I got hold of those Sawbwa Resplendens and they are filling out and colouring up nicely. With a little TLC they should look stunning in a week or so.

Anyway once again good to see the continuing high standards, take care and happy planting,

Jim & Mark
The Green Machine


----------



## beeky (10 Mar 2008)

There was a thread a while ago on unipac stuff after a meeting with the guy. The feedback was very positive but it still seems difficult to get hold and the catalogue doesn't do it justice. I don't think there's a web site for any of it either.

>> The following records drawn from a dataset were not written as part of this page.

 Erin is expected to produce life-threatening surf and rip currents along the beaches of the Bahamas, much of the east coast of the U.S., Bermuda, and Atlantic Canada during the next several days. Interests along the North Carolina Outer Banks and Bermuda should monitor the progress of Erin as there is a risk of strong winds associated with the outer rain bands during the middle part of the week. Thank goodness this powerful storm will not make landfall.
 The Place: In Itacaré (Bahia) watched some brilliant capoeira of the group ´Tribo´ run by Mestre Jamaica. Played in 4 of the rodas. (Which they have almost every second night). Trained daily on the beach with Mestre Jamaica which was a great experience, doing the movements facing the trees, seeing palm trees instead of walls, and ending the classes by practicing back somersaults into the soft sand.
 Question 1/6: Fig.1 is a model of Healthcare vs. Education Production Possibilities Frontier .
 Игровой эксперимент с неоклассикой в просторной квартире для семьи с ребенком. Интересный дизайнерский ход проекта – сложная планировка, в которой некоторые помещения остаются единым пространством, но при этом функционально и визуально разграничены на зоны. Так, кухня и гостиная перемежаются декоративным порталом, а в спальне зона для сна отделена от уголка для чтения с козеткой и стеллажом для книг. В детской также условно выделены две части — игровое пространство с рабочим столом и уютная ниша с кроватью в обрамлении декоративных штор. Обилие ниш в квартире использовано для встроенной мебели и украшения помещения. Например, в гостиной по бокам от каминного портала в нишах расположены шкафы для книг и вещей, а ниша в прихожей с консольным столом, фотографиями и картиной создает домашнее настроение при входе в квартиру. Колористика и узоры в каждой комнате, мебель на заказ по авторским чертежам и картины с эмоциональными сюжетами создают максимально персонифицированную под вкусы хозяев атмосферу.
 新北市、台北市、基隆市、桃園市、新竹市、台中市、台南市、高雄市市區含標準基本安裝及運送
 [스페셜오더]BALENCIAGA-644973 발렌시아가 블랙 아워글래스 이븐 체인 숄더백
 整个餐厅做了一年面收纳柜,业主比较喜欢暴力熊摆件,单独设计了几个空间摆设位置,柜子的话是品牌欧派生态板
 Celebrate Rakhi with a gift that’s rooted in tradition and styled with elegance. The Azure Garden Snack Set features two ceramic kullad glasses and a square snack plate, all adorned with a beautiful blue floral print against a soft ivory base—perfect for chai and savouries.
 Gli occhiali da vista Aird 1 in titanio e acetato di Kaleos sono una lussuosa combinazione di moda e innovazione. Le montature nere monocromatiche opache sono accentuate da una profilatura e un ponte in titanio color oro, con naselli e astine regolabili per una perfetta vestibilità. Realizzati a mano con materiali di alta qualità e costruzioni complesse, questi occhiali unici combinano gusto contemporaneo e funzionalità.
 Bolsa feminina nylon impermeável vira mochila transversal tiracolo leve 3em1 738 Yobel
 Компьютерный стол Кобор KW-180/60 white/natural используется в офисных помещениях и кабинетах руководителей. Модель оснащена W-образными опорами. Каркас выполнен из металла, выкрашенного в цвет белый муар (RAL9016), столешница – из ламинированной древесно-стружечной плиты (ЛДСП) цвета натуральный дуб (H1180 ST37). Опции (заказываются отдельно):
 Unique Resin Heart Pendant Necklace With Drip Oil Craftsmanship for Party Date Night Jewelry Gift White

If unipac could get their marketing together a bit I think they'd really take off.


----------



## Dan Crawford (10 Mar 2008)

beeky said:
			
		

> There was a thread a while ago on unipac stuff after a meeting with the guy. The feedback was very positive but it still seems difficult to get hold and the catalogue doesn't do it justice. I don't think there's a web site for any of it either.
> 
> If unipac could get their marketing together a bit I think they'd really take off.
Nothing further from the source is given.